▸ **TO DO**: Search the material below for the word "with" and copy every line in which it occurs.

▸ **DATA**:
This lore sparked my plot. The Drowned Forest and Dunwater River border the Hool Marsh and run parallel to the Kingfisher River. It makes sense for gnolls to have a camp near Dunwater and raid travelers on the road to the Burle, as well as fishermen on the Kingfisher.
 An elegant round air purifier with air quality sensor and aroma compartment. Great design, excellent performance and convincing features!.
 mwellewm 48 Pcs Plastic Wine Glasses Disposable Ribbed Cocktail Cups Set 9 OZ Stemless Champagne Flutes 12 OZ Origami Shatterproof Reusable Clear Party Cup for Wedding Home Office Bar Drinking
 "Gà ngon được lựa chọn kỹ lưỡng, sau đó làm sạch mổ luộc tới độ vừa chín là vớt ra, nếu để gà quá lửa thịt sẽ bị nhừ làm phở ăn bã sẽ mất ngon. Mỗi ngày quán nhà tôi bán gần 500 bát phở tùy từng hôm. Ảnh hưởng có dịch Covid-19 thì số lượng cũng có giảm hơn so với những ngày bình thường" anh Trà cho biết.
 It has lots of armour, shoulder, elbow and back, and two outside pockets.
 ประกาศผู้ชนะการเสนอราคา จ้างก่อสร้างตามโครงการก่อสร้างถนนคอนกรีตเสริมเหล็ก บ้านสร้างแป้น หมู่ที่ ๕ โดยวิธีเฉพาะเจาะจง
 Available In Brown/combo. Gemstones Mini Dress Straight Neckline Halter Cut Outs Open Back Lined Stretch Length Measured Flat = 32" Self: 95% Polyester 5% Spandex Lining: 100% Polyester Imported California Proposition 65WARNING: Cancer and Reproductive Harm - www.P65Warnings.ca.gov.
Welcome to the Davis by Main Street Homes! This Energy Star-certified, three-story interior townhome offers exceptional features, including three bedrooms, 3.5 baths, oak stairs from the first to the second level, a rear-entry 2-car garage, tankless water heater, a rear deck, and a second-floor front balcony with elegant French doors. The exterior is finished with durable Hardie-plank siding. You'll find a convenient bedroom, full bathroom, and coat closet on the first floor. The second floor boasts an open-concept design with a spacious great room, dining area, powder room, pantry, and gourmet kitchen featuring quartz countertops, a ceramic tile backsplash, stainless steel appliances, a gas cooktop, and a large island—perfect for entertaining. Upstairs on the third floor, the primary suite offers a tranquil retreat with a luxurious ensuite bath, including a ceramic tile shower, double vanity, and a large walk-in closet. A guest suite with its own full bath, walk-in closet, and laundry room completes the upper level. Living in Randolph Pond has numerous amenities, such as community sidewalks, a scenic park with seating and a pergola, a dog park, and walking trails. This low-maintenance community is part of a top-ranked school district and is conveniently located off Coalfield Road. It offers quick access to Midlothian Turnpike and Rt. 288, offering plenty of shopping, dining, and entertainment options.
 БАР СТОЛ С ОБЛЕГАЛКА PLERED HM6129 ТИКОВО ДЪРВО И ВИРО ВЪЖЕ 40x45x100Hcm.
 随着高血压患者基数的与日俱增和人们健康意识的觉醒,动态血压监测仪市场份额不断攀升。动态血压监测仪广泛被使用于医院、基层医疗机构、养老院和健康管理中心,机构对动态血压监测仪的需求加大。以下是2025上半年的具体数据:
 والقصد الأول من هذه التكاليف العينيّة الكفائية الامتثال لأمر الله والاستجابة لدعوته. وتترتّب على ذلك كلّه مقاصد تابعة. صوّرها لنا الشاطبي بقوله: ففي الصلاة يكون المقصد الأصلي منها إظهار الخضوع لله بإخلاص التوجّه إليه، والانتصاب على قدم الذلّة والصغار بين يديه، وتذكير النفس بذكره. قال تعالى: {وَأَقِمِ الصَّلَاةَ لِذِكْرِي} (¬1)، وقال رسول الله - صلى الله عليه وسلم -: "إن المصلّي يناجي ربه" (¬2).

▸ **COMPLETED TASK**:
 An elegant round air purifier with air quality sensor and aroma compartment. Great design, excellent performance and convincing features!.
Welcome to the Davis by Main Street Homes! This Energy Star-certified, three-story interior townhome offers exceptional features, including three bedrooms, 3.5 baths, oak stairs from the first to the second level, a rear-entry 2-car garage, tankless water heater, a rear deck, and a second-floor front balcony with elegant French doors. The exterior is finished with durable Hardie-plank siding. You'll find a convenient bedroom, full bathroom, and coat closet on the first floor. The second floor boasts an open-concept design with a spacious great room, dining area, powder room, pantry, and gourmet kitchen featuring quartz countertops, a ceramic tile backsplash, stainless steel appliances, a gas cooktop, and a large island—perfect for entertaining. Upstairs on the third floor, the primary suite offers a tranquil retreat with a luxurious ensuite bath, including a ceramic tile shower, double vanity, and a large walk-in closet. A guest suite with its own full bath, walk-in closet, and laundry room completes the upper level. Living in Randolph Pond has numerous amenities, such as community sidewalks, a scenic park with seating and a pergola, a dog park, and walking trails. This low-maintenance community is part of a top-ranked school district and is conveniently located off Coalfield Road. It offers quick access to Midlothian Turnpike and Rt. 288, offering plenty of shopping, dining, and entertainment options.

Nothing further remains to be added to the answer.